В прежние годы с Шурочкой мы встречались чаще, говорили о Вовке.
– Как он там?
– Письма пишет. Скоро, мол, освобожусь. Буду по-умному жить. А ведь голый-босый. Деньжонок подкапливаю, послать.
Проходит время.
– Как там Вовка? Освободили?
– Друзья-товарищи… – вздыхает Шурочка. – Друзья-товарищи подвели. До родной матери не доехал. Сбираюсь к нему на свиданку. Далеко… Поездом едешь, потом пароходом.
Прежде такие вот были разговоры. Потом я понял, что Шурочке от моих расспросов сладкого мало и стал лишь здороваться, временами справляясь у соседей:
– Как там Шурочкин?
– Снова сидит. Не доехал. На свидание к нему собирается.
Год за годом, за годом – год. Так и жизнь потихоньку проходит. Полсотни лет за плечами.
Встретишься с Шурочкой лицо в лицо, поздороваешься.
– Как там Вовка?
– Друзья-товарищи… – вздыхает она. – Друзья-товарищи опять подвели. Послала деньжонок, чтоб не вышел голый-босый. А друзья его встретили и подвели. На свиданку сбираюсь.
Ездит. А Вовкин лагерь далеко. Поездом, потом пароходом.
Этим летом я встретил ее в последний раз. Она еле брела к магазину. На клюку опирается. Идет, идет, а потом встанет, стоит.
– Здравствуйте…
– Здравствуй, здравствуй…
– От Вовки нет вестей?
– Пишет. На свиданку к нему сбираюсь. Может, в последний раз.

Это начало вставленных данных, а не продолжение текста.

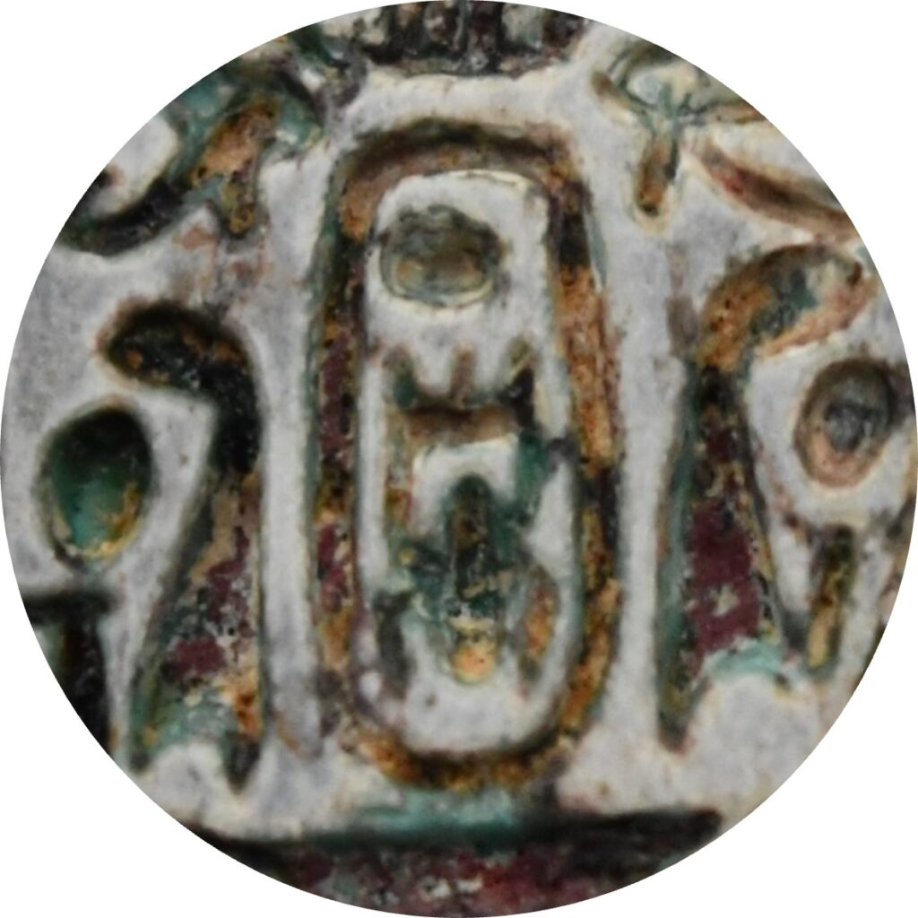The centre of the scarab is an oval royal cartouche forming the throne name of Pharaoh Thutmose III, ‘Menkheperre’.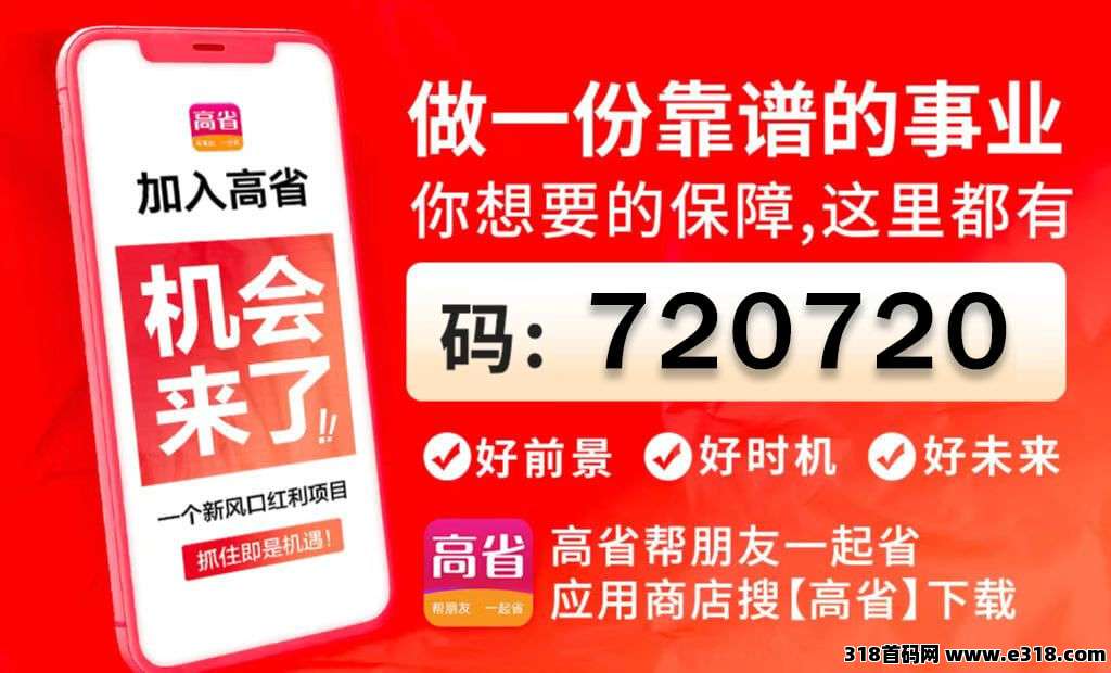 高省邀请码720720,注册送2皇冠会员【高省】APP(高佣金领导者)是一个自用省钱佣金高,分享推广赚钱多的平台,2000万用户信赖的六年老平台,稳定可靠。高省APP佣金更高,模式更好,终端用户不流失。高省是公认的返利最高的软件。

Она глядела на меня пристально и вдруг вспомнила, улыбнулась:
– А в лапту-то он какой ловкий был. Как вдарит, вдарит… Мячик далеко летит. В огороды…
– Ловкий, ловкий… – подтвердил я.
Попрощались. Я пошел, потом обернулся. Шурочка брела к магазину, опираясь на клюку. Темное платье, темный платок на голове.
Она уехала и не вернулась. Домишко ее долго стоял с открытыми ставнями. Потом соседи их затворили.
* * *
Всякий раз, когда я собираюсь ехать в город, кто-нибудь из близких напоминает:
– К Топилиным заедешь?
– Заеду, – отвечаю я.
Заезжаю. Дом Топилиных стоит в переулке, за магазином. Хозяин старик Топилин умер позапрошлой зимой. Осталась его бабка одна, ходит согнувшись, порою с костыликом. Но сад и огород содержит в порядке.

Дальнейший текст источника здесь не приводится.